LoqiRoam · 旅日記

角を選び続けた午後

代々木から生活路地、自然林、庭園、旧校舎の文化施設、消防博物館、須賀神社へ。曲がり角ごとに街の温度を変えた散歩。

代々木では、駅を出た瞬間に目的地を決めなかった。人の流れが太い道から、看板の低い道へ、さらに家の前に植木鉢が並ぶ道へと、目についた曲がり角を少しずつ選んだ。小さな社で音が薄くなり、自然林と遺跡の気配に触れると、同じ街の中で時間だけが深くなった。新宿御苑では園路の曲線に誘われ、予定より長く歩いた。

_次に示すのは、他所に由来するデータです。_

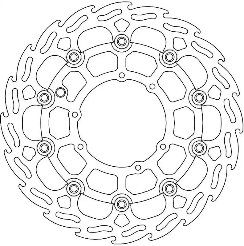 De MOTO MASTER FLAME FLOATING ALU DISC 298 onderscheidt zich door zijn lichtgewicht aluminium constructie en geavanceerd drijvend ontwerp, wat zorgt voor verbeterde remprestaties en minder slijtage.

そこから戦前の校舎を生かした東京おもちゃ美術館へ入ると、外の緑とは違う木の手触りが待っていた。消防博物館では赤い車体と地下鉄の気配に都市の厚みを感じ、最後は須賀神社の坂と階段へ。名所を集めたというより、道の表情が変わるたびに旅の温度を変えた一日だった。帰り道、最初なら見落とした小さな角が、いちばん鮮明に残っている。

この旅の足跡

  1. 代々木の裏道は、飲食店の看板より先に、低い軒と自転車の置き方が道の性格を教えてくれた。曲がるたび、駅前の速さが少しずつ薄まる。
  2. 小さな社の境内に入ると、都会の音が一枚だけ薄くなる。木立の向こうに高層ビルがあるのに、ここでは願い事のほうが景色を支配しているようで少し不思議だった。
  3. 新宿御苑の広い芝生を目指したのに、入口近くの木陰と古い園路で足が止まった。庭は遠くを眺める場所というより、歩く方向を何度も迷わせる装置だった。
  4. 東京おもちゃ美術館は、戦前の旧小学校を使った教室に木の玩具を詰め込んでいる。展示を見るより先に、次の教室へ曲がりたくなる自分に少し笑った。
  5. 消防博物館の赤い車体は、通りの向こうからでも視線をさらう。江戸の火消から現代の装備まで並ぶ展示と、地下鉄駅直結の立地が妙に似合っていた。
  6. 須賀神社へ向かう道では、住宅の壁と空の比率が急に変わる。階段の先に社殿が現れる有名な景色なのに、今日は途中の細い入口と坂のほうが記憶に残った。